Here’s the reality, your best clients can get more value out of your firm if you add softer, life planning discussions to your year-end meetings this year. The process for helping clients move through the various phases of life always reveals obstacles and challenges. So beyond this year’s tax planning sessions, add a few financial life planning questions. When meeting a client who has clarity or wants help on how to best enjoy their 168 hours per week, the planning process becomes more meaningful.

Find out what worked, and what didn’t for your clients, financially speaking, in 2020. Business results are all over the map from flat out failure to thriving like never before. Most owners would agree that 2020 has challenged your business continuity plan like none other. Helping clients address their continuity plan as it then relates to their other financial planning needs such as death and taxes, disability or the ultimate desire to throw in the towel and sell the business.

Many have contemplated their own illness or mortality more than usual in 2020. With that said, estate planning attorneys have been very busy and many of your clients have probably updated or renewed their estate planning documents in 2020. Don’t assume that everything was done well in this process. As your clients’ financial planner, you should read and understand those documents and advise whether what was documented is what your client needs. Beyond familiarity with the documents, you should be sure that all titles to assets and beneficiary elections were changed to match the new legal documents.

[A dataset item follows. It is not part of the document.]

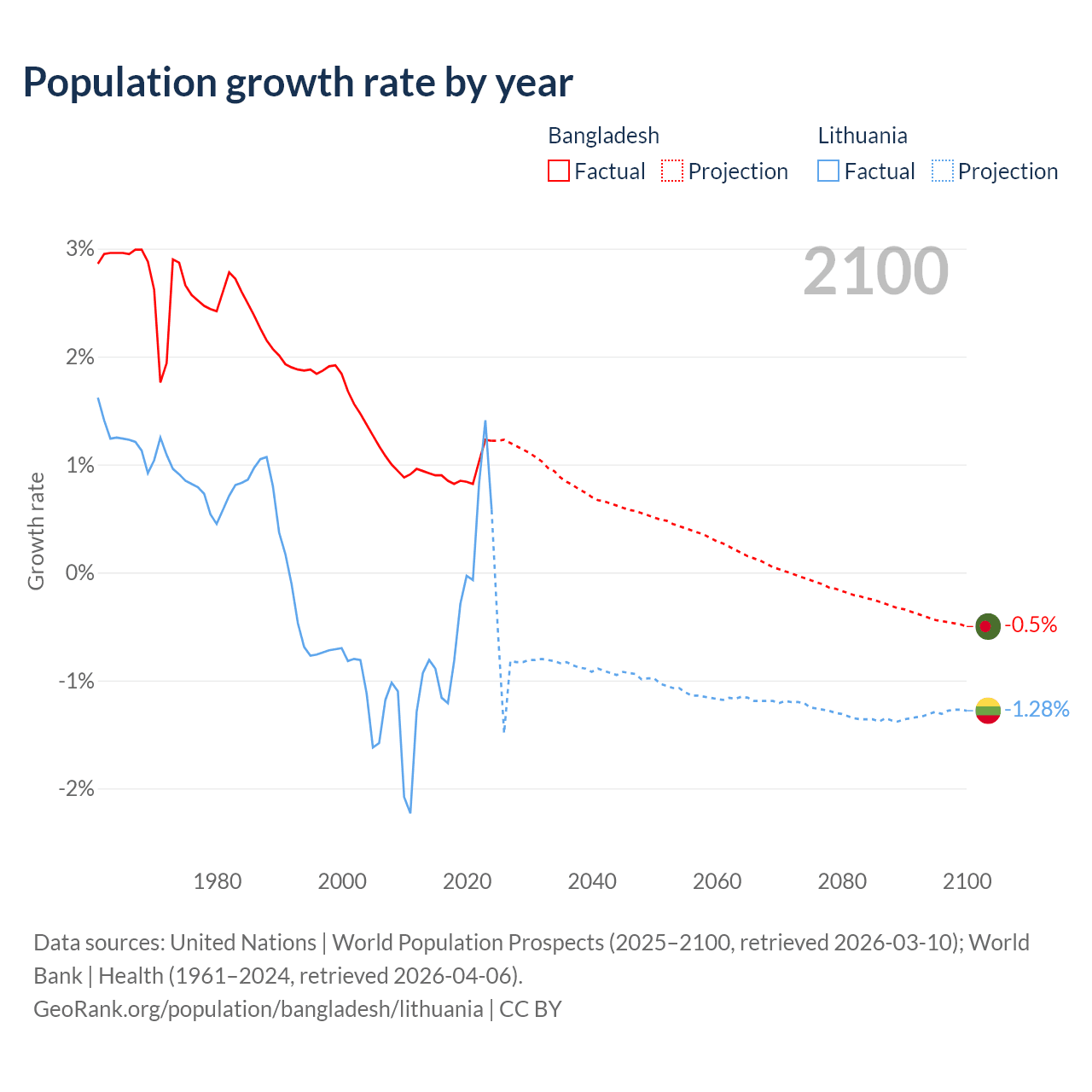 - For the last 10 years, Bangladesh has had an average growth rate of +0.94% per year vs -0.22% in Lithuania.

There is a difference between knowing what the titles and beneficiaries should be and what they are.  Telling your client what they should be usually isn’t enough, you have to do it for them. Even though you may view this as a lot of invested time, it’s worth it in the long run. If your client passed or became incapacitated without these documents fully implemented, you will (and maybe should) look incompetent.

Annual estate reviews become easier if you’ve read the documents and have good documentation regarding the moving parts of the documents. We have created a simple spreadsheet to track what our clients’ estate documents say so that we do not have to re-read the documents each year. We also recommend that you review these moving parts each year with a more detailed estate review as needed or no less than every three years.

The business or employment in general has probably crossed the mind of many clients. Especially the more senior clients and those who realize that they are financially independent, and work is optional.  There are rich conversations to have at this point. Sometimes just asking the questions gets the conversation rolling to the point where action plans begin to form and clarity regarding how your firm can help evolves. Your advice can be invaluable as it relates to retaining the business and empowering management, selling the business or ramping up the business.

Financial modeling will be a big part of helping your client to envision this life. For many entrepreneurs, it’s emotionally difficult when going from a great salary and growing a profitable business to living off of assets. Conceptually, it’s a big struggle for many. When that client can see the financial models, with the various stress tests and assumptions, they may find it easier to let go and move onto living their ideal life without being glued to a business.

As simple as cash flow analysis is to perform, it is tough for many clients to get their arms around today’s spending and what they think spending may look life under ideal conditions. Ideal conditions frequently drive up the cost of living as for many those ideals include travel, family and maybe multiple homes. Here too your firm can become invaluable to help these clients address the financial consequences of their vision for the future.

For the time being, the trend in terms of where people want to be is a moving target. And it moved at a speed that no one could have predicted. Cities were gutted and people flocked to the burbs and to remote areas in record numbers. How does your client feel about that? You may be surprised to hear their thoughts. Some will want to look for distressed opportunities in major urban areas betting on a comeback, some are accelerating their plans to re-locate to a warm, tax free climates and some are adding on to their home to own a permanent staycation home. To that end, helping your client plan that real estate transition may be helpful on all fronts from tax planning to cash flow planning.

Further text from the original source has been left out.